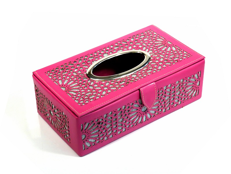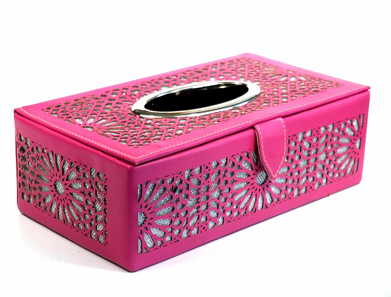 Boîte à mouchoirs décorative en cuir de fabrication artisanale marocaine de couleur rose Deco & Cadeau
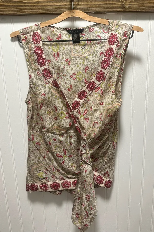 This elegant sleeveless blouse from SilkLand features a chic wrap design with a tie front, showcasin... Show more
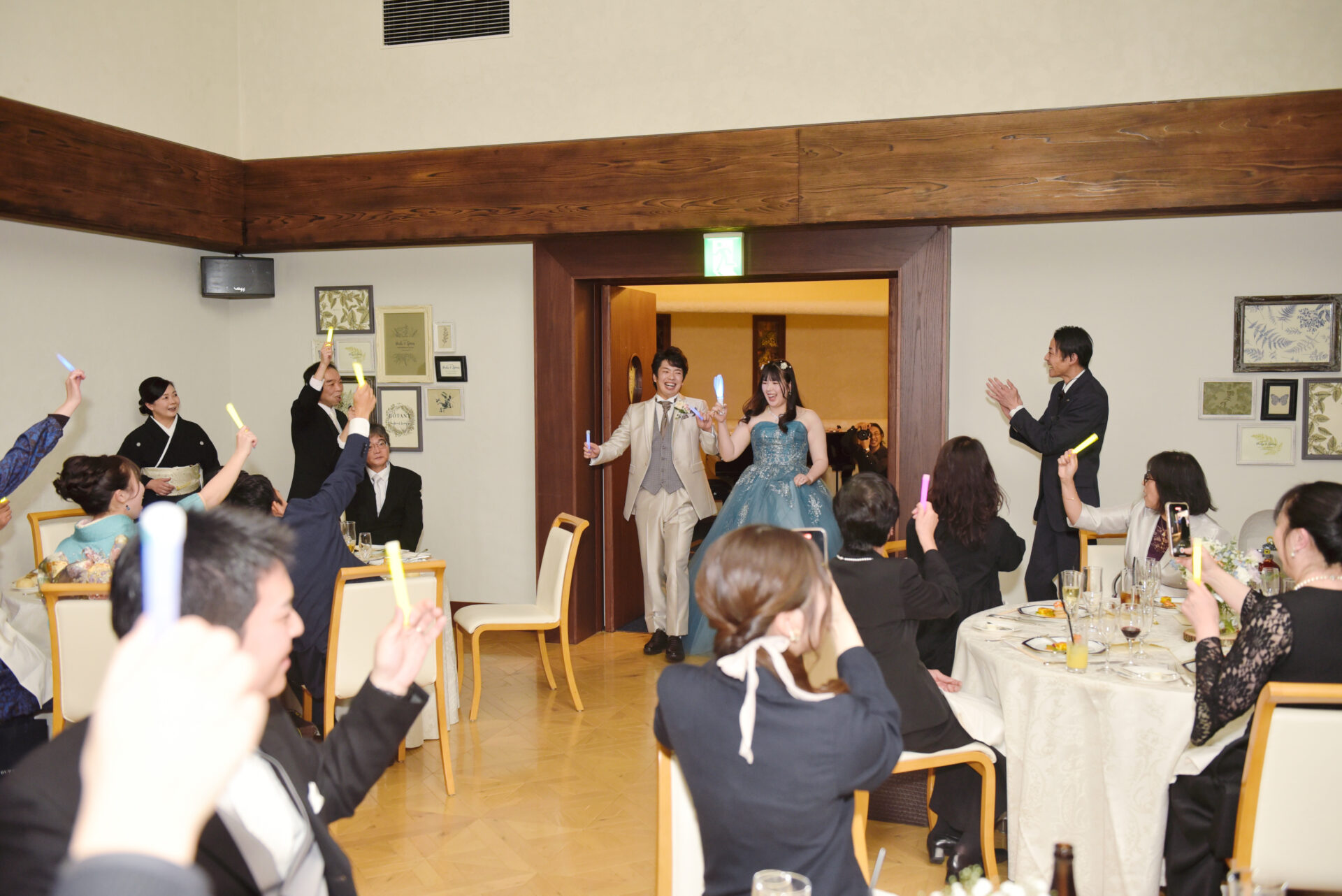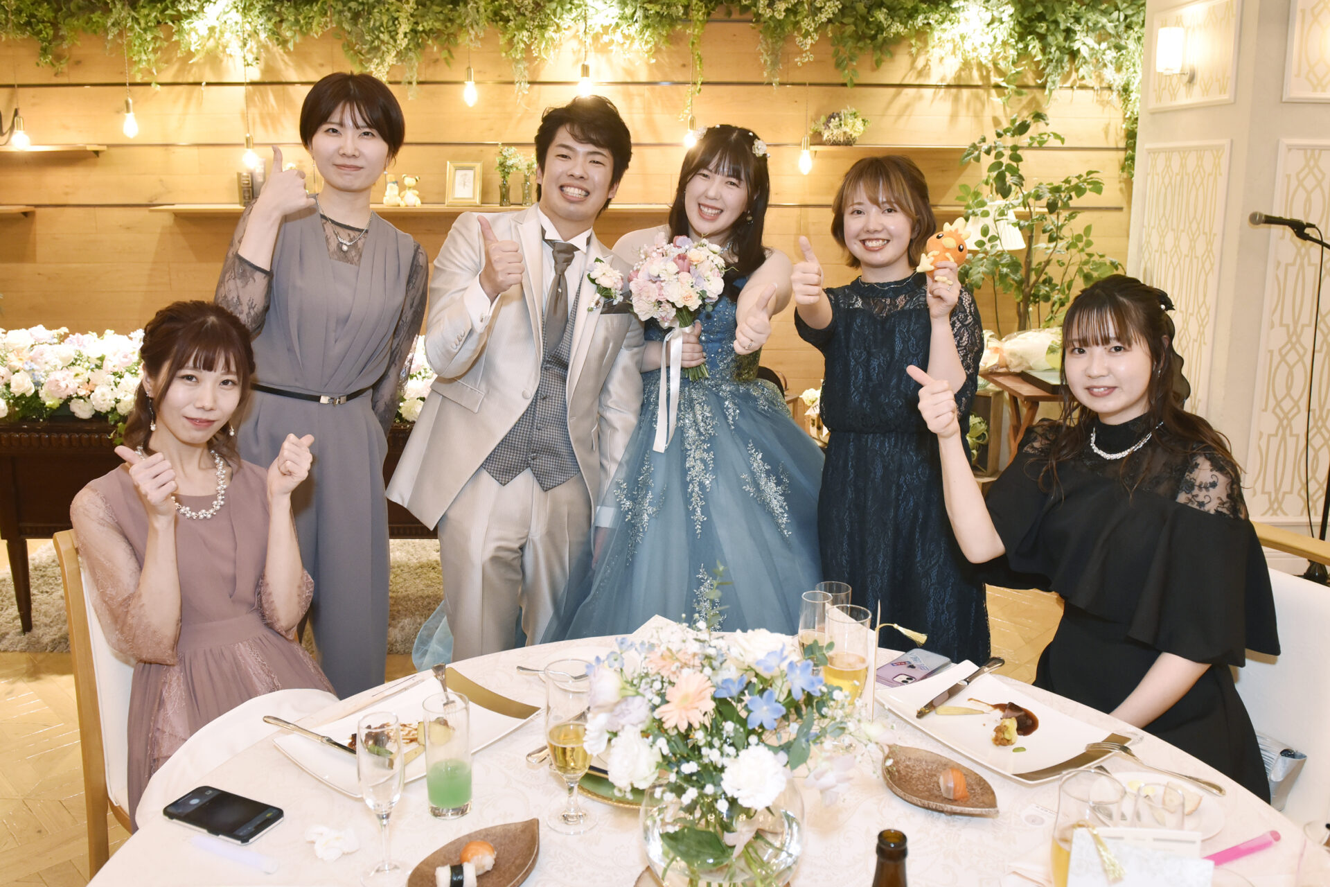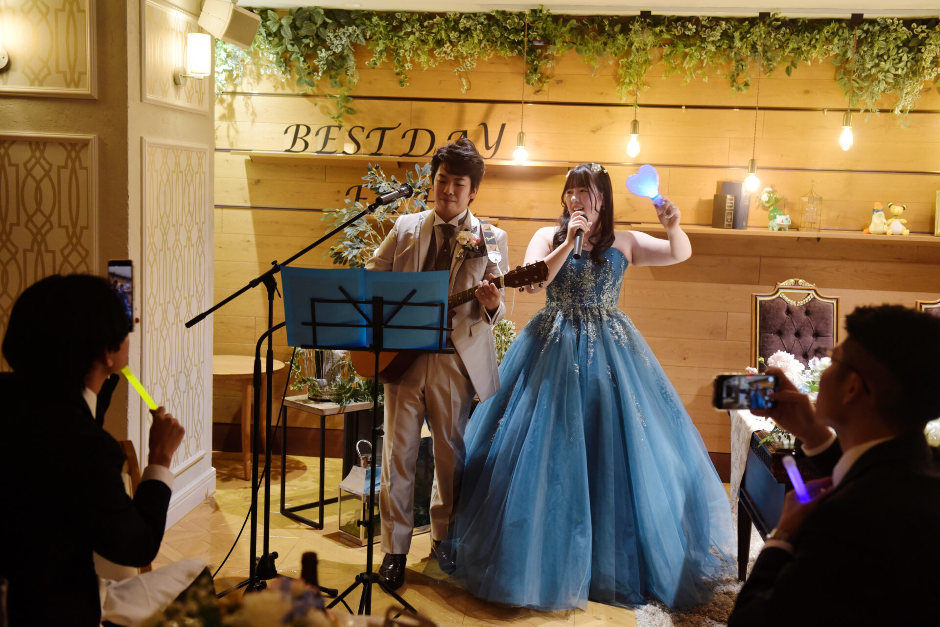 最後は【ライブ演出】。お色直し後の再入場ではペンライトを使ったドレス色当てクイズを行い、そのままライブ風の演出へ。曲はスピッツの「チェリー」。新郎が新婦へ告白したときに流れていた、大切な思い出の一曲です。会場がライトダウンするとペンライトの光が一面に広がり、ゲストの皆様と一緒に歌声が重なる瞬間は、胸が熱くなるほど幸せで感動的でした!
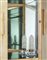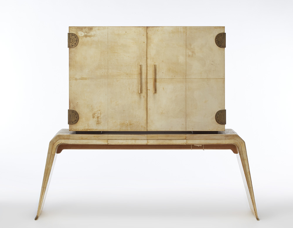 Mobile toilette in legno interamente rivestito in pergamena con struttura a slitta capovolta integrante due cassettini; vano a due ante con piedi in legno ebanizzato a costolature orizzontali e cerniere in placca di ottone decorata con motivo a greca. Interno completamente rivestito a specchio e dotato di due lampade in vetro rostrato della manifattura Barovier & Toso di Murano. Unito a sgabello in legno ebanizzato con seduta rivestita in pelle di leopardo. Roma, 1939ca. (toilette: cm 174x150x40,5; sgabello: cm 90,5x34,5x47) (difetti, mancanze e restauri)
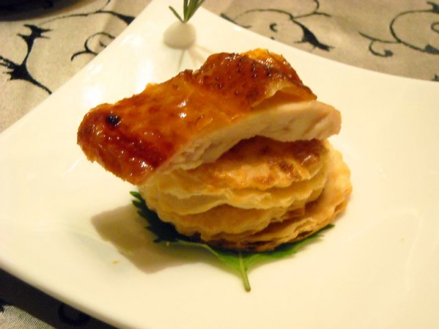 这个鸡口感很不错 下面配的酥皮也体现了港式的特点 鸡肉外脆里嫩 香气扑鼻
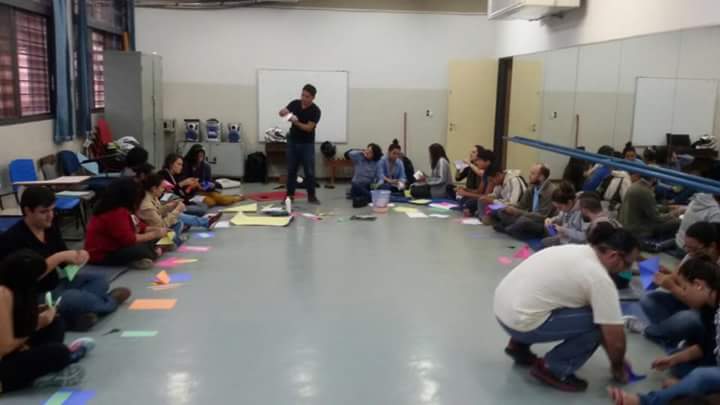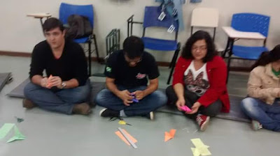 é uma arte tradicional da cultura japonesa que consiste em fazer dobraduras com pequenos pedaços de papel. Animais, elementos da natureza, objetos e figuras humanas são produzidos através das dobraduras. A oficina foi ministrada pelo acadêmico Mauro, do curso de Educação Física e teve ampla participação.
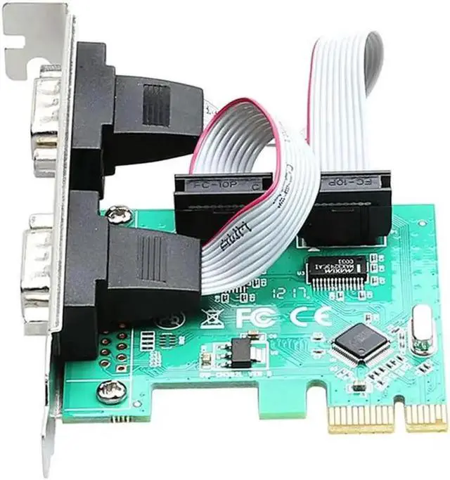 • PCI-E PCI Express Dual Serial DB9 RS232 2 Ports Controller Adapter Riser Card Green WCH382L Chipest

## What this task involves
Return all of the material above unchanged, minus its pictures.

## Exercise output
 Boîte à mouchoirs décorative en cuir de fabrication artisanale marocaine de couleur rose Deco & Cadeau
 This elegant sleeveless blouse from SilkLand features a chic wrap design with a tie front, showcasin... Show more
 最後は【ライブ演出】。お色直し後の再入場ではペンライトを使ったドレス色当てクイズを行い、そのままライブ風の演出へ。曲はスピッツの「チェリー」。新郎が新婦へ告白したときに流れていた、大切な思い出の一曲です。会場がライトダウンするとペンライトの光が一面に広がり、ゲストの皆様と一緒に歌声が重なる瞬間は、胸が熱くなるほど幸せで感動的でした!
 Mobile toilette in legno interamente rivestito in pergamena con struttura a slitta capovolta integrante due cassettini; vano a due ante con piedi in legno ebanizzato a costolature orizzontali e cerniere in placca di ottone decorata con motivo a greca. Interno completamente rivestito a specchio e dotato di due lampade in vetro rostrato della manifattura Barovier & Toso di Murano. Unito a sgabello in legno ebanizzato con seduta rivestita in pelle di leopardo. Roma, 1939ca. (toilette: cm 174x150x40,5; sgabello: cm 90,5x34,5x47) (difetti, mancanze e restauri)
 这个鸡口感很不错 下面配的酥皮也体现了港式的特点 鸡肉外脆里嫩 香气扑鼻
 é uma arte tradicional da cultura japonesa que consiste em fazer dobraduras com pequenos pedaços de papel. Animais, elementos da natureza, objetos e figuras humanas são produzidos através das dobraduras. A oficina foi ministrada pelo acadêmico Mauro, do curso de Educação Física e teve ampla participação.
 • PCI-E PCI Express Dual Serial DB9 RS232 2 Ports Controller Adapter Riser Card Green WCH382L Chipest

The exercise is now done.